Le Palmarès 2016 des médicaments

Le Palmarès 2016 des médicaments de Prescrire


Le Palmarès 2016 des médicaments
présentés dans Prescrire
durant l'année 2016

Voir aussi :
L'année 2016 du médicament :
un système qui favorise l'imitation
plutôt que la recherche de réels progrès

Rev Prescrire 2017 ; 37 (400) : 132-136.
> Pdf, accès libre


     Pilule d'Or

Depuis 1981, la "Pilule d'Or" est attribuée aux médicaments qui constituent un progrès thérapeutique décisif dans un domaine où patients et soignants étaient totalement démunis.

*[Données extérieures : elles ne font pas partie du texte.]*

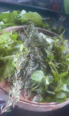 二度の台風で壊滅的な被害を受けて以来 初めての収穫 レモンバーム、ローズマリー、桑の葉っぱ(マルベリー) レモンの葉っぱ |
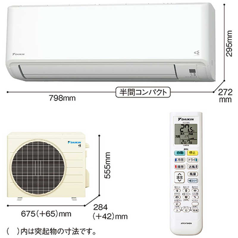 ●室外機サイズ(幅×高さ×奥行)mm: 675(+65)×555×284(+42)6mm
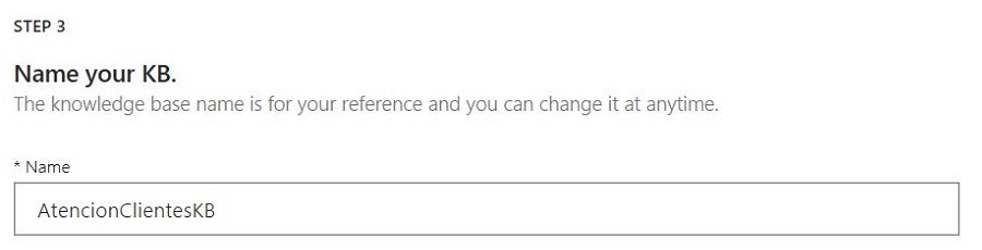 Introducimos el nombre para nuestra Knowledge Base, la llamaremos AtencionClientesKB
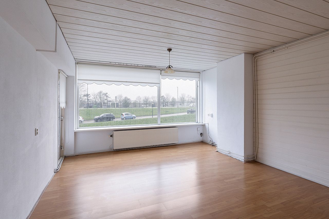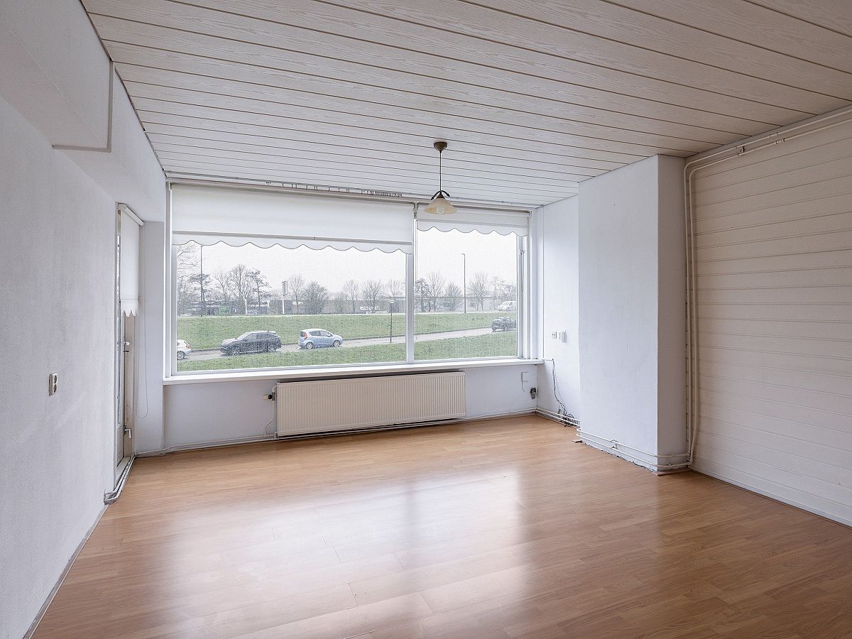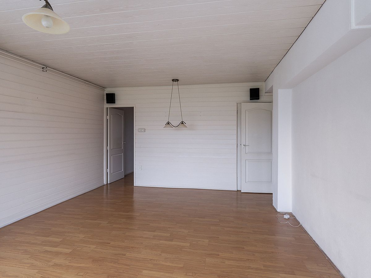 Woonkamer met laminaatvloer, vaste kast, kunststof kozijnen en dubbele beglazing. De deur naar het balkon is van hout en heeft enkele beglazing.
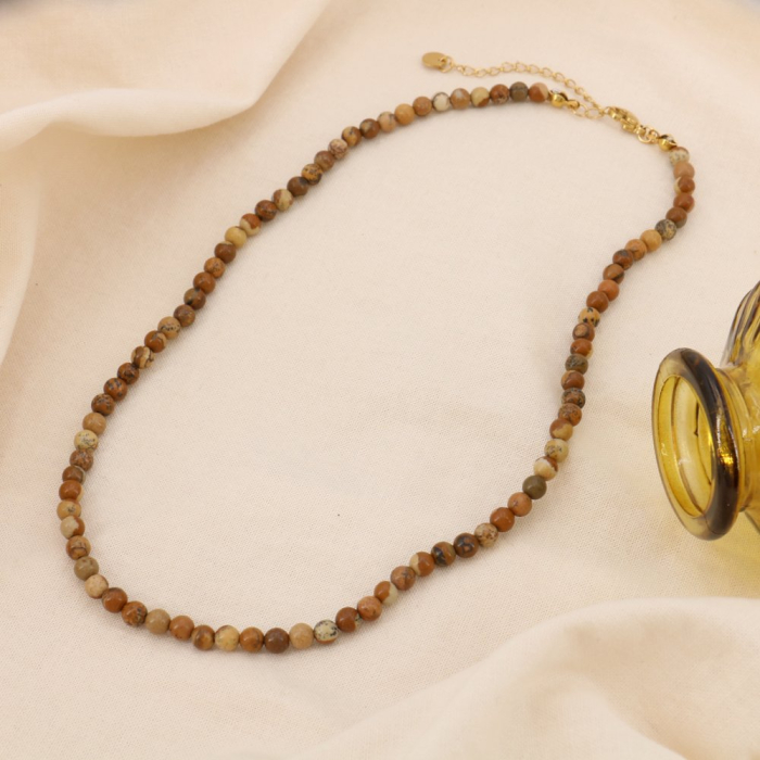 Parissima, meilleur fournisseur de bijoux en acier inoxydable à Paris dans le quartier du Marais, vous propose ce collier en acier inoxydable avec des billes de 4 mm en pierre pour femme 0124605.
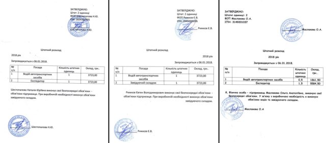 Натомість, підприємці подали ряд аналогічно побудованих довідок, структурно та змістовно. Наприклад, щодо штатного розпису.
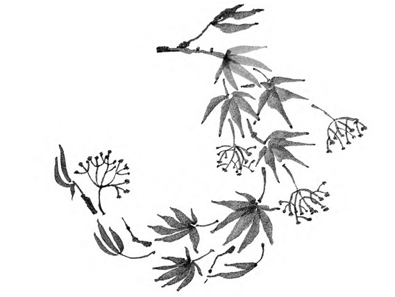 Снег лепесткамиОпадает, как прежде;С ветви на землюСрывается алый бутон.Кисть и бумагу возьму…

La Pilule d'Or n'est pas attribuée en 2016
Pour tous les lauréats de la Pilule d'Or Prescrire 1981-2016, cliquez ICI.


Tableau d'honneur 2016

Les médicaments sont inscrits au "Tableau d'honneur" parce qu'ils apportent un progrès net pour certains patients par rapport aux moyens thérapeutiques déjà disponibles, avec certaines limites.

Aucune inscription au Tableau d'honneur en 2016



Cités au Palmarès 2016

Les médicaments "Cités au Palmarès" contribuent à améliorer, modestement, les moyens de prise en charge des patients.

OPDIVO° (nivolumab)
Bristol-Myers Squibb Mélanome métastasé ou inopérable sans mutation BRAF V600 (n° 393) et cancer bronchique non à petites cellules métastasé ou inopérable (n° 397)
MEKINIST° (tramétinib) Novartis Pharma Mélanome métastasé ou inopérable avec mutation BRAF V600, en association avec le dabrafénib (n° 393)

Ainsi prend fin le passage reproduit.